8. The InSAR-based surface deformation monitoring method according to claim 1, characterized in that, Phase unwrapping is performed on the multi-temporal synthetic aperture radar imagery based on the phase quality weight of each sub-region to obtain the surface deformation monitoring results of the target region, including: The phase quality weight of each sub-region is determined as the confidence constraint of each sub-region in the phase unwrapping algorithm. The phase unwrapping algorithm is then used to perform phase unwrapping processing to obtain the unwrapped phase field. Based on the unwrapped phase field and radar system parameters, the surface deformation monitoring results of the target area are determined.
9. A surface deformation monitoring device based on InSAR, characterized in that, include: The data acquisition unit is used to acquire multi-source monitoring data covering the target area. The multi-source monitoring data includes multi-temporal synthetic aperture radar image data and digital elevation model data that spatially matches the multi-temporal synthetic aperture radar image data. The data processing unit is used to divide the target area into multiple sub-regions. For each sub-region in the synthetic aperture radar image of each time phase, the instantaneous terrain interference level of the sub-region is determined according to the multi-source monitoring data. The instantaneous terrain interference level is used to characterize the instantaneous interference intensity caused by terrain factors on the interferometric phase quality of the sub-region under a single imaging time phase. The data processing unit is also used to determine the comprehensive terrain interference index of each sub-region in each time phase based on the real-time terrain interference level of the sub-region in all time phases.
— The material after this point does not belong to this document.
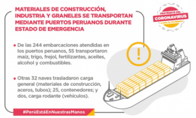 De las 244 embarcaciones que fueron atendidas en las instalaciones marítimas y fluviales del 16 al 22 de marzo durante el Estado de Emergencia, 32 trasladaron carga general; 29, graneles sólidos; 26, graneles líquidos; 25, contenedores; y dos, carga rodante.

The comprehensive terrain interference index is used to characterize the comprehensive interference intensity of terrain factors on the imaging quality of synthetic aperture radar. The deformation monitoring unit is used to map the comprehensive topographic interference index of each sub-region to the phase quality weight of each sub-region, and to perform phase unwrapping processing on the multi-temporal synthetic aperture radar image based on the phase quality weight of each sub-region to obtain the surface deformation monitoring results of the target area.
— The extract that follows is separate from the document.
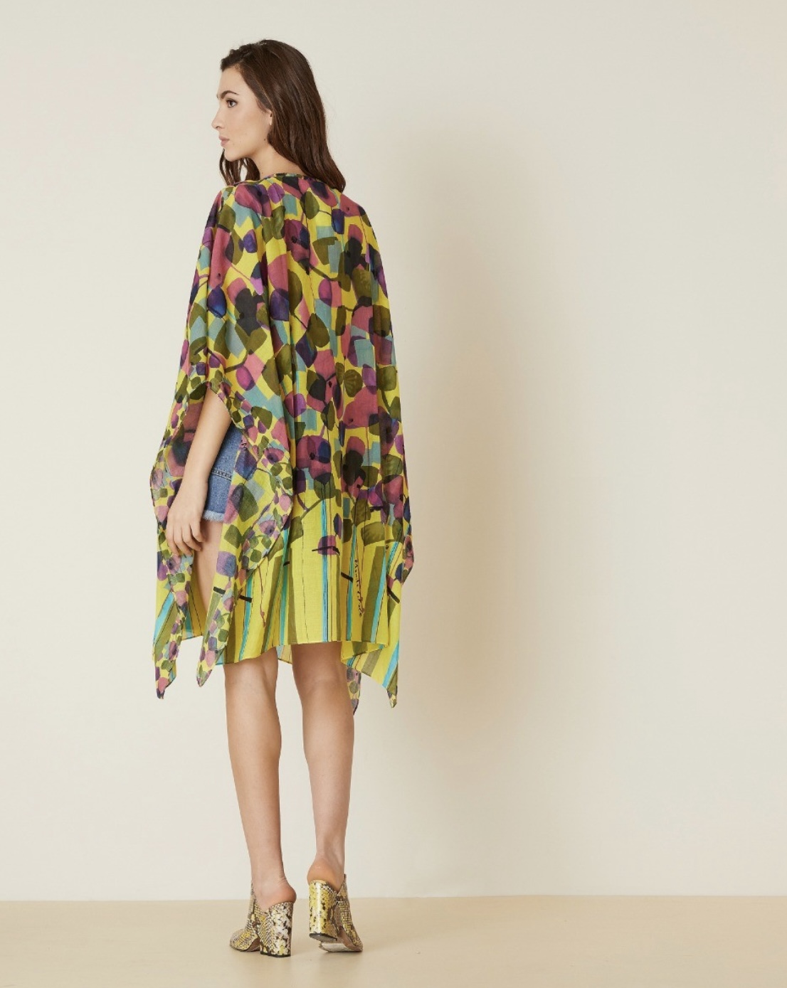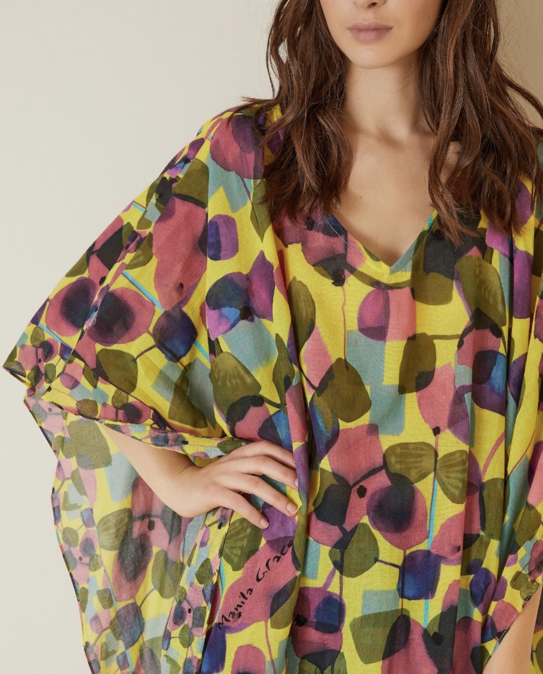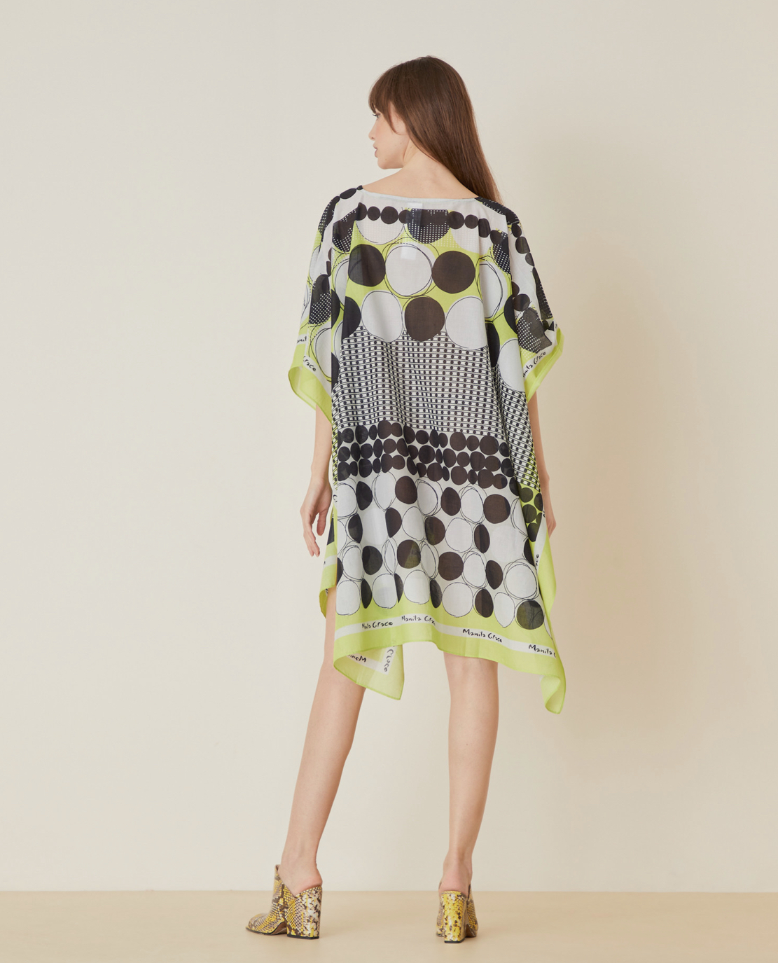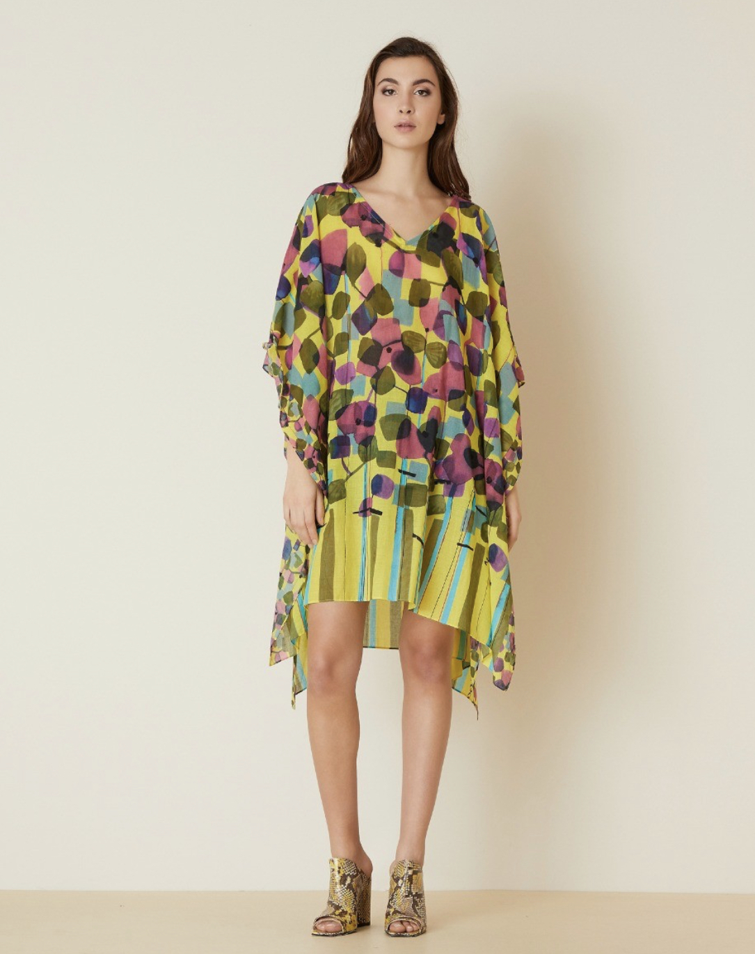 Perfetto per le giornate estive, questo leggero kaftano stampato è caratterizzato da colori e pois in morbido cotone. Grazie alle dimensioni generose (100x190) si adatta a tutti i tipi di silhouettes. La modella è alta 178 cm.

10. A surface deformation monitoring system based on InSAR, characterized in that, Includes a server and the InSAR-based surface deformation monitoring device as described in claim 9; The server is used to store multi-source monitoring data covering the target area. The multi-source monitoring data includes multi-temporal synthetic aperture radar image data and digital elevation model data that spatially matches the multi-temporal synthetic aperture radar image data. The InSAR-based surface deformation monitoring device is communicatively connected to the server, and is used to obtain the multi-source monitoring data from the server, and execute the InSAR-based surface deformation monitoring method as described in any one of claims 1 to 8, to generate and output the surface deformation monitoring results of the target area.